#### [Raw data]
:::::

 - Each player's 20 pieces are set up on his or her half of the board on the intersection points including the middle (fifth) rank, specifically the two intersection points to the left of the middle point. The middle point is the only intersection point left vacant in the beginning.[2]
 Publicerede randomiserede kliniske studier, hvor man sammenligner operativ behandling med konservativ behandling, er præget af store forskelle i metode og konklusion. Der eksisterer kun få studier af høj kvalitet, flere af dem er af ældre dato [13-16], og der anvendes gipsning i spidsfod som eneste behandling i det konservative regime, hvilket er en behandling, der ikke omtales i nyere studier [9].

:::::

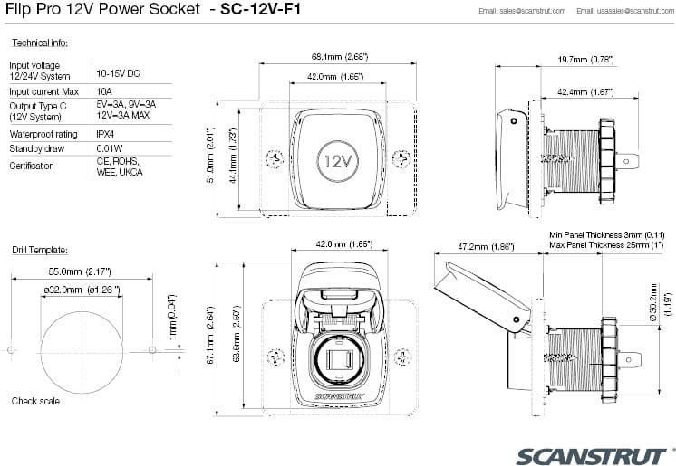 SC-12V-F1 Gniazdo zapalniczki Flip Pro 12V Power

:::::

#### [Exercise objective]
What do the lines above say from the one containing "- Each player's" down to the one containing "Publicerede randomiserede kliniske"? Return them exactly, both end lines included, and only them.

#### [Exercise output]
 - Each player's 20 pieces are set up on his or her half of the board on the intersection points including the middle (fifth) rank, specifically the two intersection points to the left of the middle point. The middle point is the only intersection point left vacant in the beginning.[2]
 Publicerede randomiserede kliniske studier, hvor man sammenligner operativ behandling med konservativ behandling, er præget af store forskelle i metode og konklusion. Der eksisterer kun få studier af høj kvalitet, flere af dem er af ældre dato [13-16], og der anvendes gipsning i spidsfod som eneste behandling i det konservative regime, hvilket er en behandling, der ikke omtales i nyere studier [9].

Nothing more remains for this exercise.